* [PROBLEM DESCRIPTION]: Everything in the listing below needs restating exactly, apart from the pictures.

* [DATA TO EXAMINE]:
++++
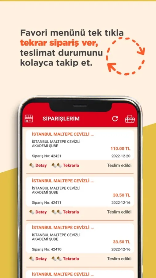 Sevdiğiniz tatları yeniden sepet oluşturmadan “sipariş tekrarla” özelliği sayesinde tek tık ile satın alabilirsiniz.
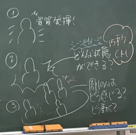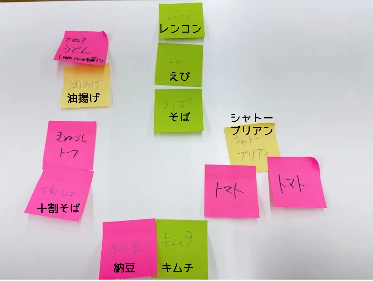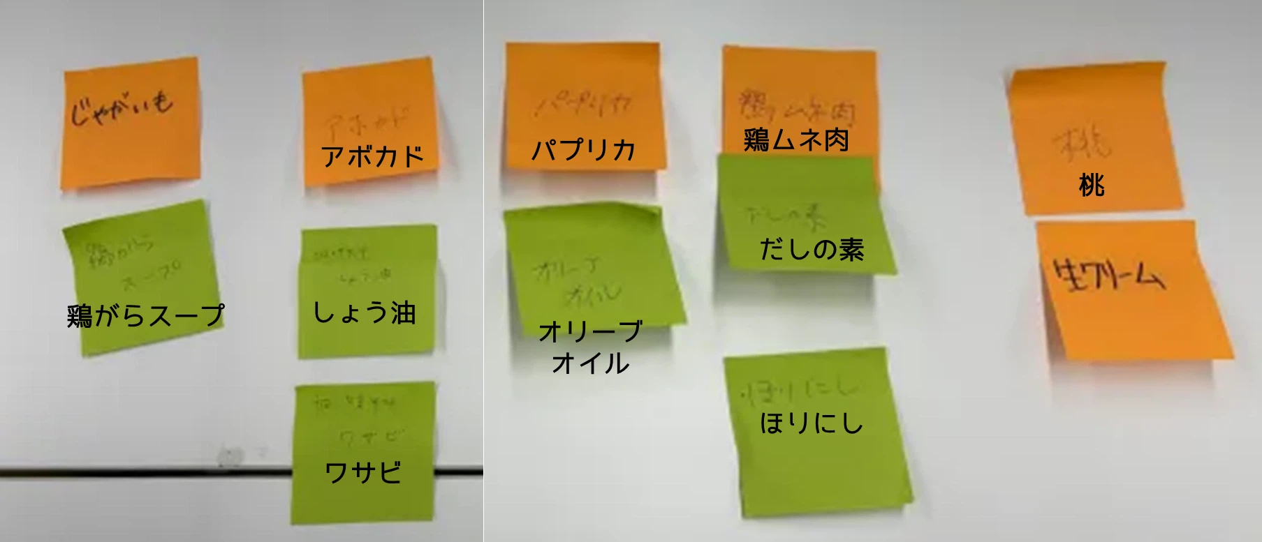 ①好きな食材を1人2~3個ポストイットに書いて、それを出し、その食材で料理を作る
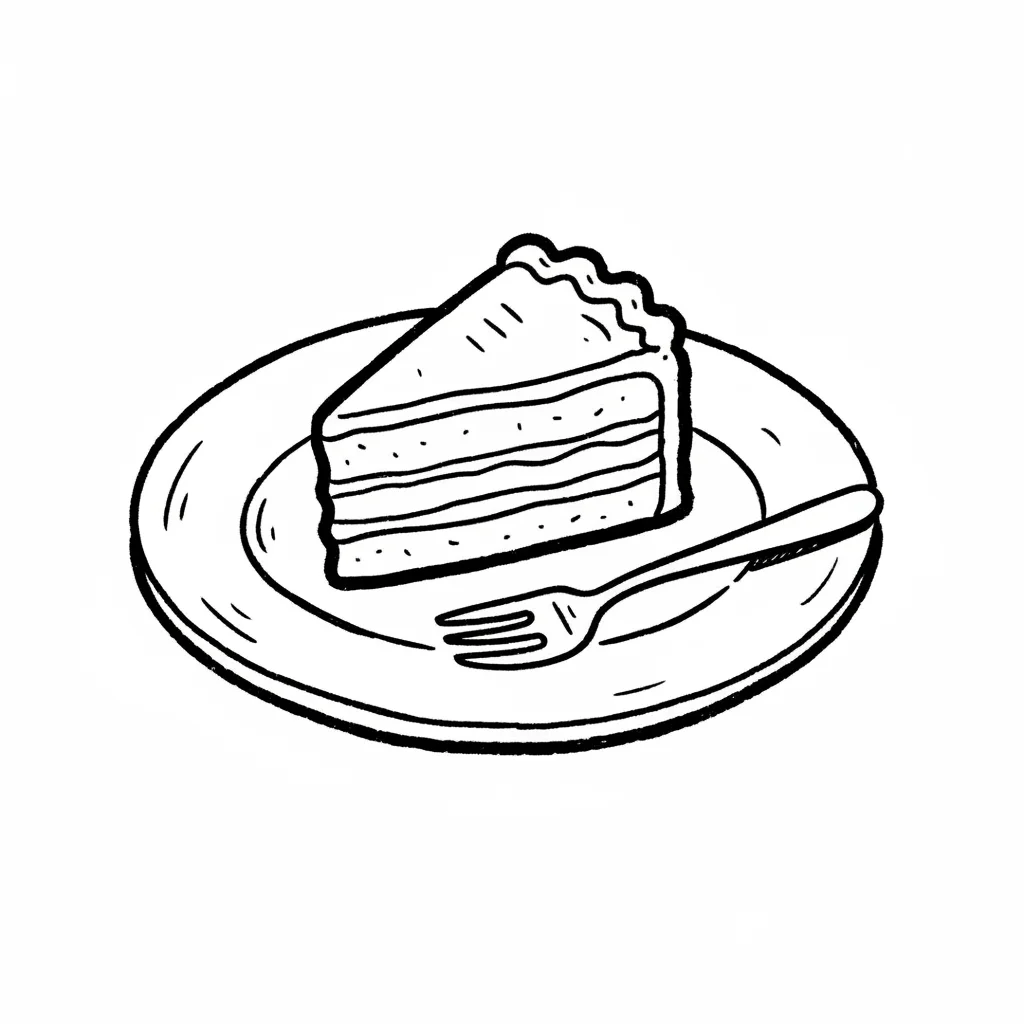 Ein Stück Kuchen auf einem Teller mit einer Gabel daneben.
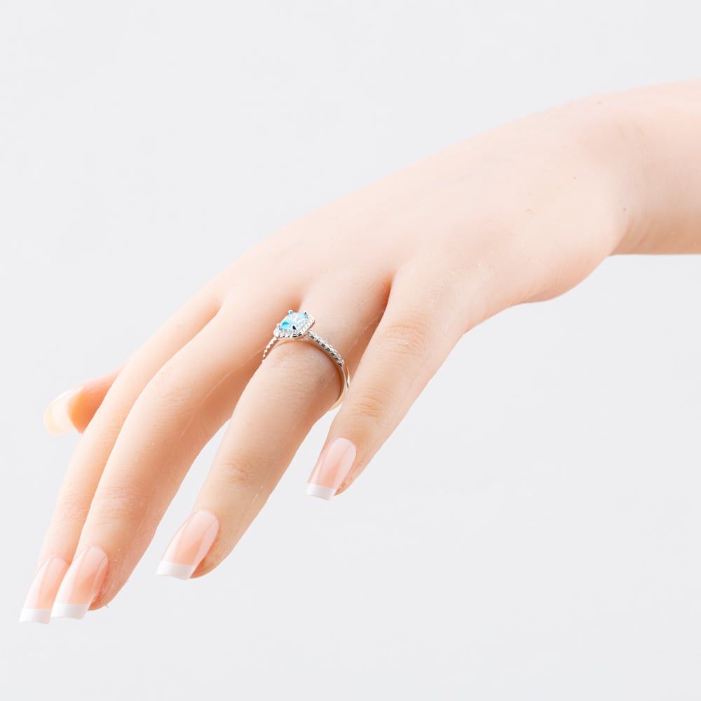 Crafted in sleek sterling silver, this elegant cluster ring features a captivating emerald-cut blue cubic zirconia at its heart. The vibrant blue gemstone is surrounded by a sparkling halo of white cubic zirconia, creating a dazzling contrast that draws the eye. The shoulders of the ring are also adorned with cubic zirconia accents, adding a touch of brilliance from every angle. Sophisticated and timeless, this ring is perfect for adding a refined sparkle to any look.
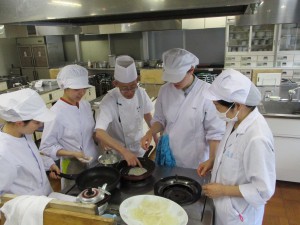今回のメニューは双粘魷魚條、糖醋五花肉、蠣油素菜、福建薄餅でした。特別に黒クコの入った杏仁豆腐もいただきました。学生からは「丁寧に教えてもらえてよかった。」「意外と簡単にできた。」との感想が聞かれました。ありがとうございました。
++++
* [OUTPUT]:
 Sevdiğiniz tatları yeniden sepet oluşturmadan “sipariş tekrarla” özelliği sayesinde tek tık ile satın alabilirsiniz.
 ①好きな食材を1人2~3個ポストイットに書いて、それを出し、その食材で料理を作る
 Ein Stück Kuchen auf einem Teller mit einer Gabel daneben.
 Crafted in sleek sterling silver, this elegant cluster ring features a captivating emerald-cut blue cubic zirconia at its heart. The vibrant blue gemstone is surrounded by a sparkling halo of white cubic zirconia, creating a dazzling contrast that draws the eye. The shoulders of the ring are also adorned with cubic zirconia accents, adding a touch of brilliance from every angle. Sophisticated and timeless, this ring is perfect for adding a refined sparkle to any look.
今回のメニューは双粘魷魚條、糖醋五花肉、蠣油素菜、福建薄餅でした。特別に黒クコの入った杏仁豆腐もいただきました。学生からは「丁寧に教えてもらえてよかった。」「意外と簡単にできた。」との感想が聞かれました。ありがとうございました。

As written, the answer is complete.